Start of Data block

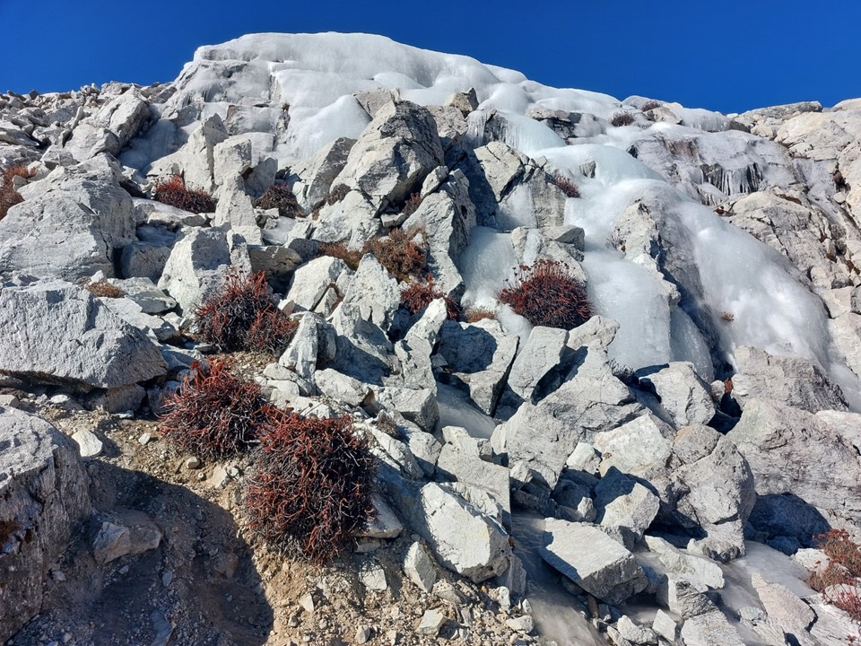 Higher up on the pass I encountered more ice – as is usual above 5000m. I don’t think there are many places on earth above 5000m where ice isn’t found.
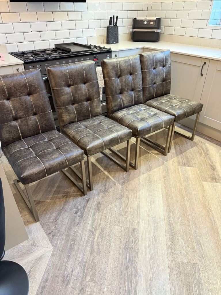 These are two adult size four legged wicker chairs.
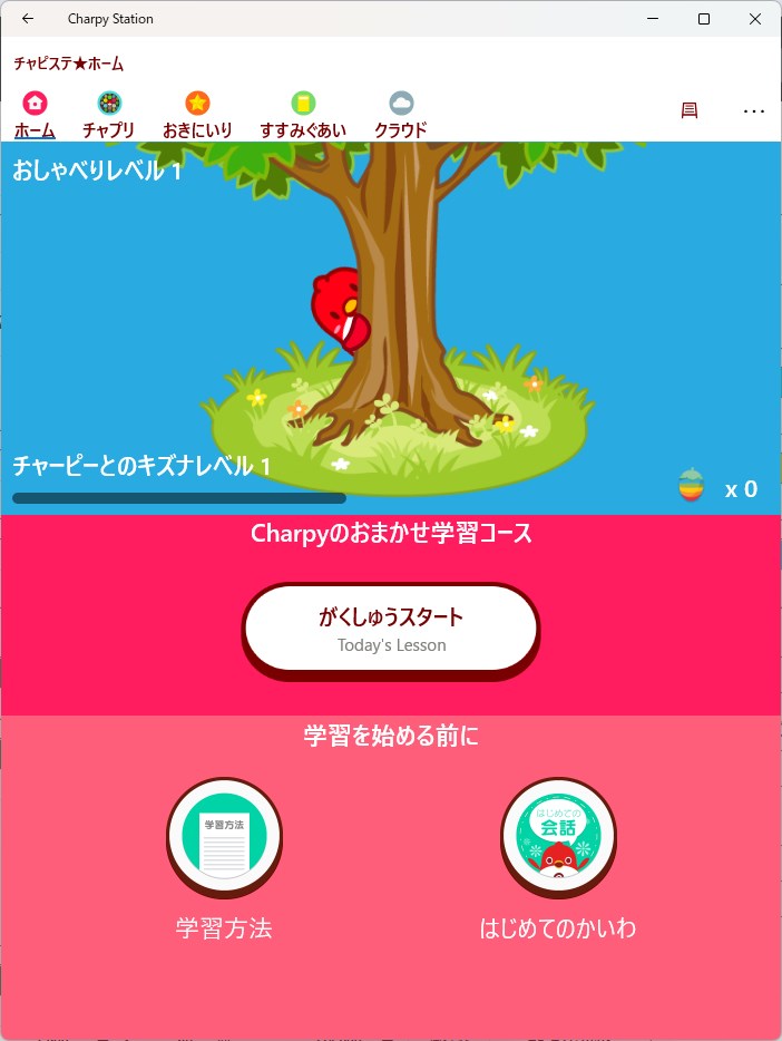 チャーピーとのおしゃべり(セリフ、学習内容、メニュー等)は、どんどん増えていきます!

End of Data block

Here the lines from the one containing "These are two" through the end of the material are to be copied exactly, with the pictures omitted.

- _Answer below_:
 These are two adult size four legged wicker chairs.
 チャーピーとのおしゃべり(セリフ、学習内容、メニュー等)は、どんどん増えていきます!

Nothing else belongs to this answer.